Dixie Windsor (c. 1673 – 20 October 1743) was an English Tory politician who sat as MP for Cambridge University from 1705 till 1727.

He was the son of Thomas Windsor, 1st Earl of Plymouth and his second wife. He married Dorothy, the daughter of Sir Richard Slate.

He was known for his strong support of the Church of England. He frequently acted as a teller for the Tory side on issues including disputed elections, Church security and resistance to aspects of the Union with Scotland.

== Education ==
He was educated at Westminster by 1688 to 1691 and matriculated at Trinity College, Cambridge on 26 June 1691 at the age of 17. In 1695, he earned a bachelor of Arts, became a fellow in 1697 and earned a Master of Arts in 1698.
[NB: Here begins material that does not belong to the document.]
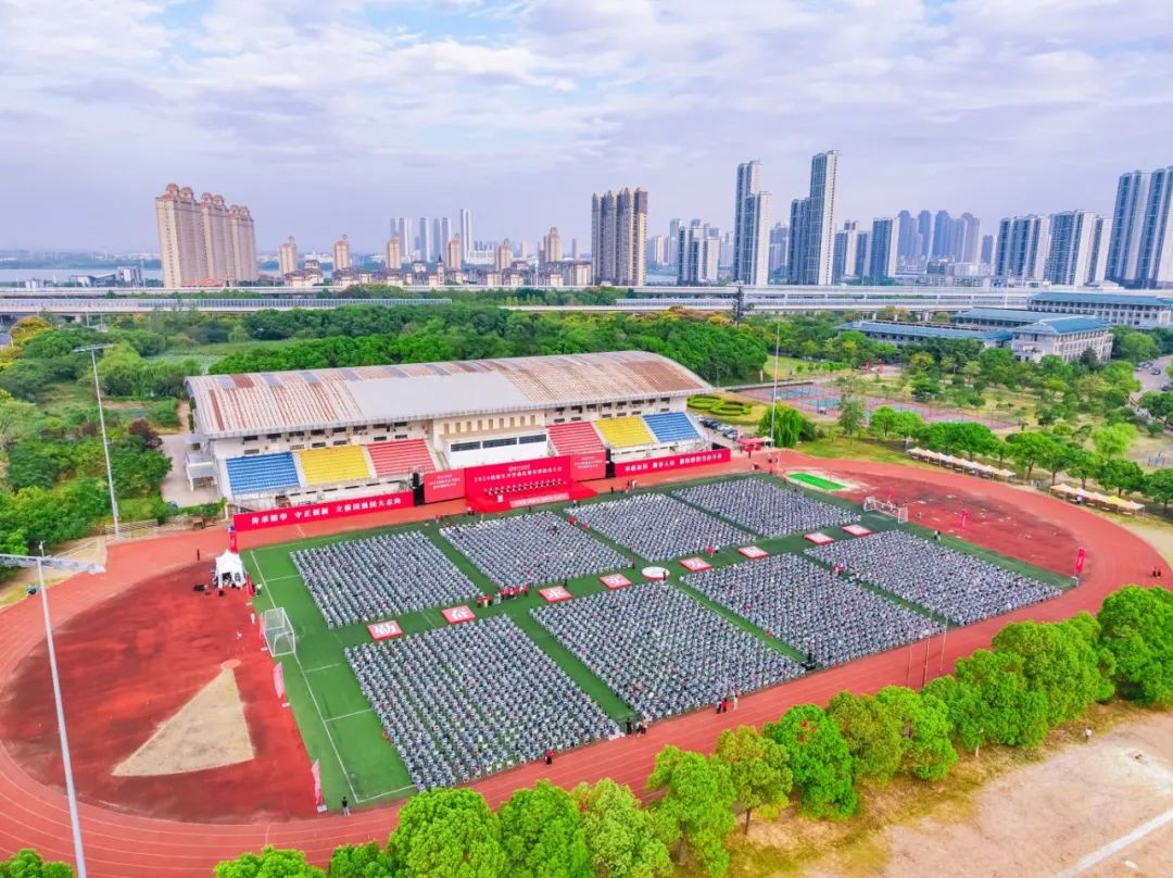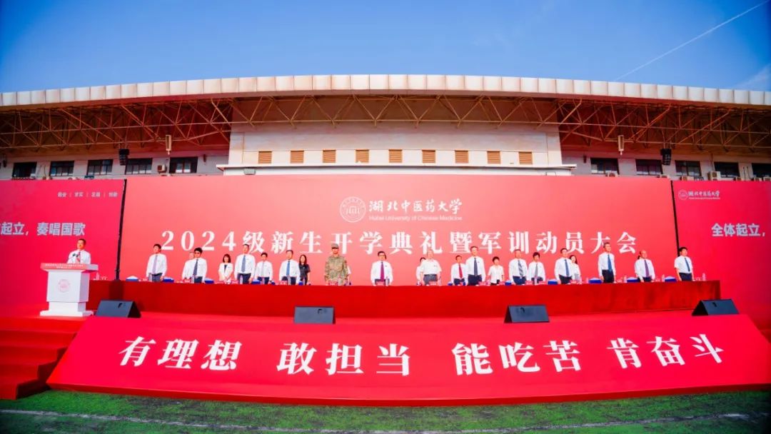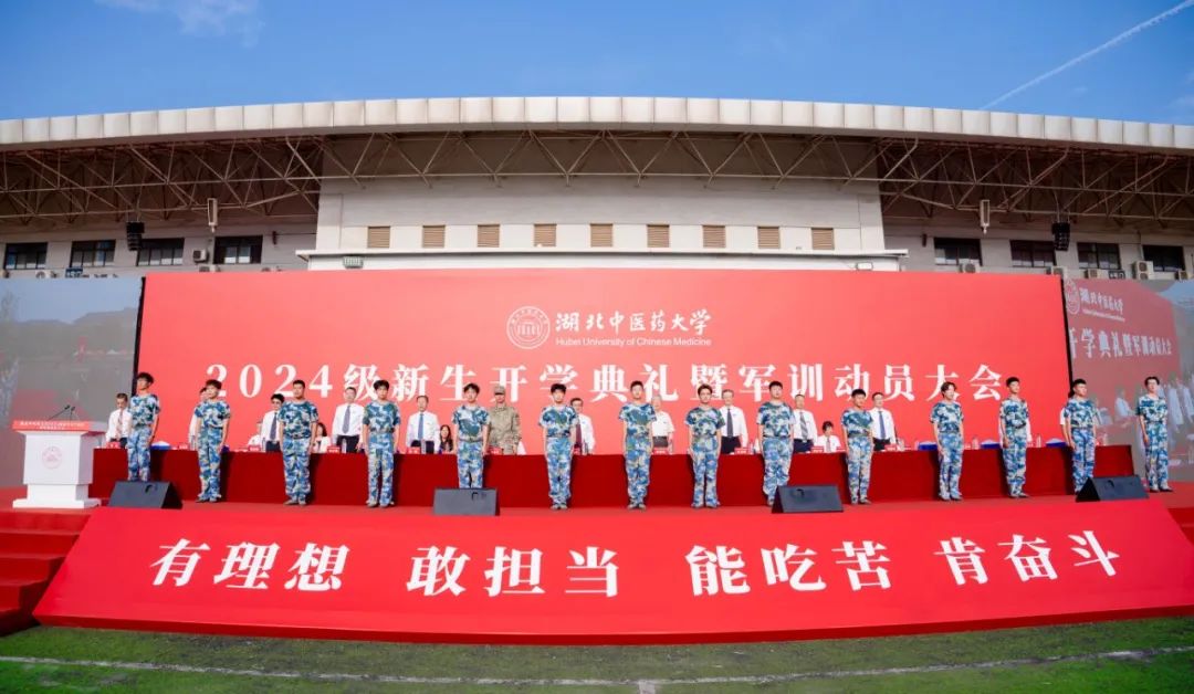 9月17日,黄家湖校区体育场,湖北中医药大学2024级新生开学典礼暨军训动员大会盛大举行,4963名本科生、研究生新生

== Parliamentary career ==
He first won an election in 1705 despite facing fierce opposition, including rumoured threats to take away his commission, from Francis Godolphin, the son of Sidney Godolphin, 1st Earl of Godolphin. In 1707, he lost his military commission, likely due to his stance against the ministry. In 1710, he opposed the impeachment of Dr. Henry Sacheverell. In 1712, he received an Ordnance office but still broke with the ministry by voting against the French commerce bill.

In his later career he aligned with the "Hanoverian Tories" generally Tory but supportive of the Hanoverian succession. He demonstrated firm commitment to the Church, notably by supporting the Schism Act of 1714. Windsor kept his Ordnance post until 1717 and remained a moderate Tory thereafter. He died on 20 October 1743.